Однако здесь, по эту сторону холодного типографского глянца, никакого света давно уже не было.
Размалёванный ангел всё так же продолжал изливать свою синтетическую благодать куда-то в параллельное измерение, равнодушно оставляя реального БоДжека медленно тонуть на дне собственной тени. Взгляд жеребца с мучительным усилием оторвался от этой недосягаемой, наглухо запертой идиллии и безвольно рухнул обратно, в пропахший спиртом и отчаянием сумрак кабинета. В этот миг тот самый спасительный студийный вакуум сошёл с бумаги, обрёл угрожающую, осязаемую плотность и мёртвой хваткой сомкнулся на горле, оставляя мужчину наедине с абсолютным, беспощадным одиночеством...
Тишина, незаметно заполонившая собою комнату, подобно натянутой до предела струне, наконец-то с хрустом надломилась. Она рассыпалась вдребезги с сухим, почти костным звуком — так гибнет тончайший фарфор, когда внутреннее давление горя становится тяжелее самой материи.
— Чёрт… — первое слово сорвалось с пересохших губ актёра не криком, а жалким, сипящим выдохом, сухим шелестом падающего в бездну камня, в котором замертво погасла вся его былая спесь.

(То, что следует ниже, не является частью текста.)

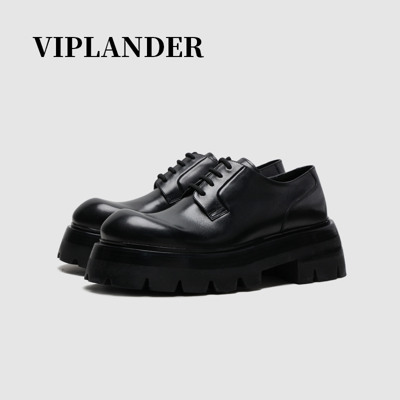 [Wu Lei's same style] viplander's new round toe thick sole heightened scalp shoes men's derby shoes 142701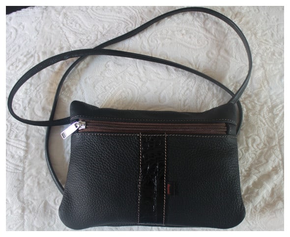 This leather shoulder bag can be worn on one shoulder or cross body as the strap is adjustable; I found that it works well worn either way. It comes in two colors: the always in demand black and a dark, almost brick red which would make for an excellent statement piece. The two pockets made it easy for me to organize everything I needed to carry with me.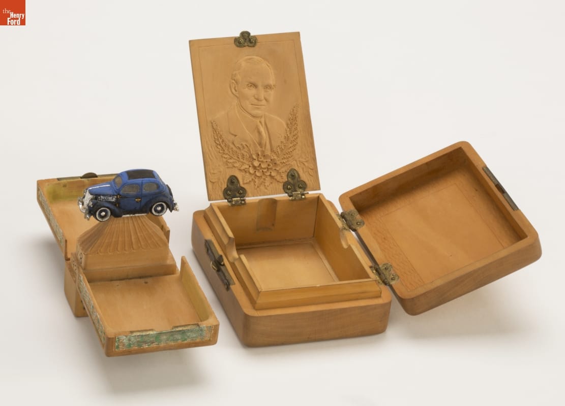 Acknowledging Henry Ford's innovative spirit, individuals employing their own original and imaginative efforts bestowed hundreds of handmade gifts upon him. This intricate and elaborate carving is covered with images of objects and places significant in the life of Henry Ford, representing his past and present, his industrial world as well as his creation of Greenfield Village.

— Чёрт... — выдохнул он снова, но на этот раз грудная клетка резко дрогнула, и в сдавленном голосе бедолаги прорезалась та самая грубая, первобытная лошадиная мощь, которую Голливуд годами безуспешно пытался вытравить элитными сигарами и манерным акцентом.
— Чёрт, чёрт, ЧЁРТ!!!
Последняя буква вырвалась из самого нутра жеребца оглушительным, почти утробным рыком, разодрав горло с такой неистовой силой, что на миг на корне языка отчётливо осел горький, медно-солоноватый привкус собственной крови и неизбежной обречённости.
Этот дикий, ничем не сдерживаемый звериный вопль, в котором смешались ненависть, паника и тоска по несбывшемуся, стальным хлыстом хлестнул по идеальной симметрии кабинета, с силой ударившись о плотный, гасящий звуки бархат тяжёлых портьер, отскочив от позолоченных корешков нечитанных книг и, не найдя выхода, обрушившись обратно на своего создателя всей тяжестью разрушенной иллюзии. Глянцевый полубог, так изящно смотревшийся на старом постере, окончательно сдох в ту секунду, когда тяжёлые, закованные в жемчужно-лакированную кожу ступни взмыли над паркетом не ради театрального, выверенного годами муштры на репетициях, а в конвульсивном, уродливом прыжке отчаяния. Это не было движением танцора — это был рывок раненого зверя, осознавшего, что капканы всё это время были расставлены не снаружи, как он думал, а внутри его собственной черепной коробки. Дорогие, пронизанные грубыми зигзагами ботинки, те самые, что должны были нести героя к вершинам кинематографического Олимпа, теперь казались налитыми свинцом кандалами. Красные полосы на их боках, в неверном свете кабинета, вдруг ожили, зазмеились, превращаясь из дизайнерского изыска в пульсирующие артерии, из которых на гладкое дерево пола вытекала вся былая значимость носителя.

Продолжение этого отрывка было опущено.